Джагеру удалось перехватить на резервной частоте доклад самолета Президента США. Это был так называемый борт номер один.
Американцы справедливо решили в свое время, что в случае серьезной заварухи, самое безопасное место для президента – это небо над Америкой. Поди, найди отдельный самолет в общем хаосе.
Город с места не сдвинешь, атомная бомба может разнести в пыль почти любой бункер, или на худой конец, оставить президента без связи и запереть в плену радиоактивных руин.
Самолет, оснащённый всем необходимым, штаб с крыльями, обнаружить вовсе не просто. Президент и генералы-штабисты могут продолжать руководить войной и, в крайнем случае, приземлиться в союзной Америке стране.
Борт номер один выходит в эфир на разных частотах, маскируется как может, и поймать его – большая удача. Даже если пеленг не точен, один только факт, что президентский самолет поднялся в воздух во время таких учений, говорит об очень серьезных делах.
Джаггер не знал, разумеется, находится ли Рональд Рейган на борту, или же экипаж со штабистами отрабатывает учения без его участия, но на всякий случай пропел куплет из популярной комсомольской песни:
– Послушай, Рейган, мудозвон из Голливуда!
Ты на кого решил войной идти, паскуда?
Или забыл ты, падла, времена былые,
Как наш народ имел Мамая и Батыя?..
Панфил опять дал мне команду на злосчастный F-15.
Пеленг почти не поменялся, но слышно его стало лучше. Видимо, пилот изменил направление и двинул на север в сторону большой базы на Гонолулу, чтобы упасть как можно ближе к спасателям. Дозаправщика он так и не нашел.
– Бабай, он не долетит, – сказал мне Панфил, – конец чуваку, он передал, что топлива на пять минут. Дал «Mayday» в эфир. Работает! Бабай, он отдал рапорт о катапультировании!
Мне стало жаль американского пилота, видимо такого же долботряса, как и мы, не сумевшего найти дозаправщик.
Катапультирование само по себе неприятный трюк, а уж плавание зимой в Тихом океане – такого не пожелаешь и врагу. Впрочем, я не воспринимал тогда врагом этого чувака.

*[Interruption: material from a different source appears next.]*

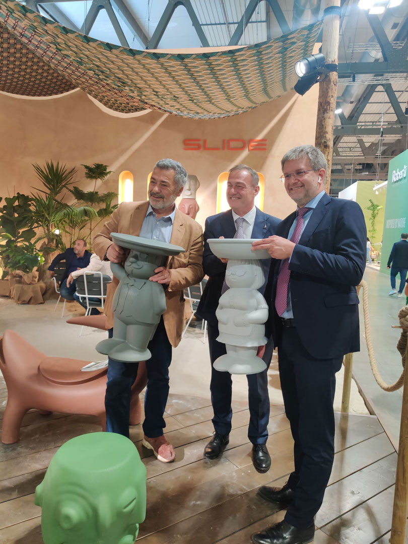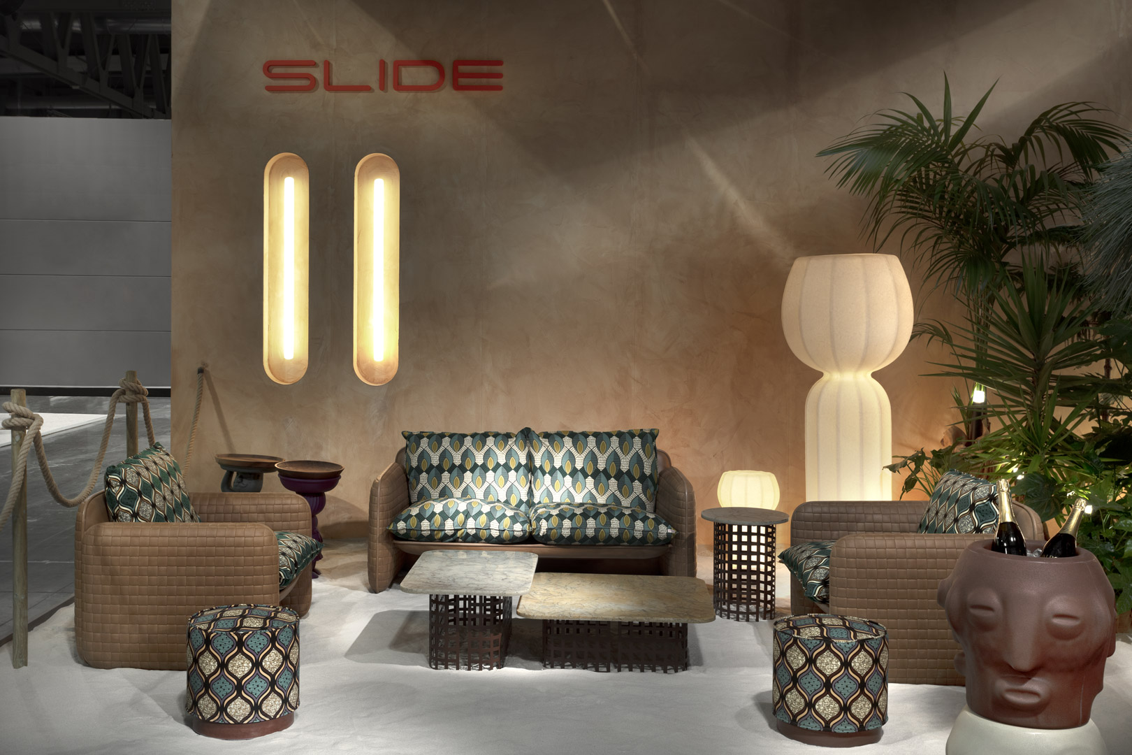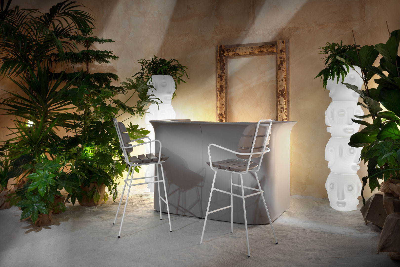 La deuxième innovation majeure introduite est le nouveau matériau bioplastique issu de la canne à sucre. Toute la collection Afrika et la collection Mara Masai ont été présentées avec cette matière particulière, qui rappelle les couleurs de la terre et nous relie à la taille. Une exclusivité dans le secteur du design, grâce à notre département Recherche et Développement, nous sommes les premiers à introduire ce matériau pour la création de mobilier d'extérieur.

Стоило только представить себе, как он падает в холодную воду, отстегивает парашют, подтягивает за нейлоновый шнур, надувшийся оранжевый плотик, и взобравшись на него, смотрит вокруг. И не видит ничего, кроме воды и неба…
Тут все началось, как всегда, одновременно.
«Стратофортрессы» дали доклады о запуске крылатых ракет. ПУПы МБР зачастили цифро-буквенными группами. Комитет начальников штабов перешел на какую-то многоканальную передачу, и кроме противного верещания ничего разобрать было нельзя. Пеленги, впрочем, брались даже легче из-за постоянства сигнала.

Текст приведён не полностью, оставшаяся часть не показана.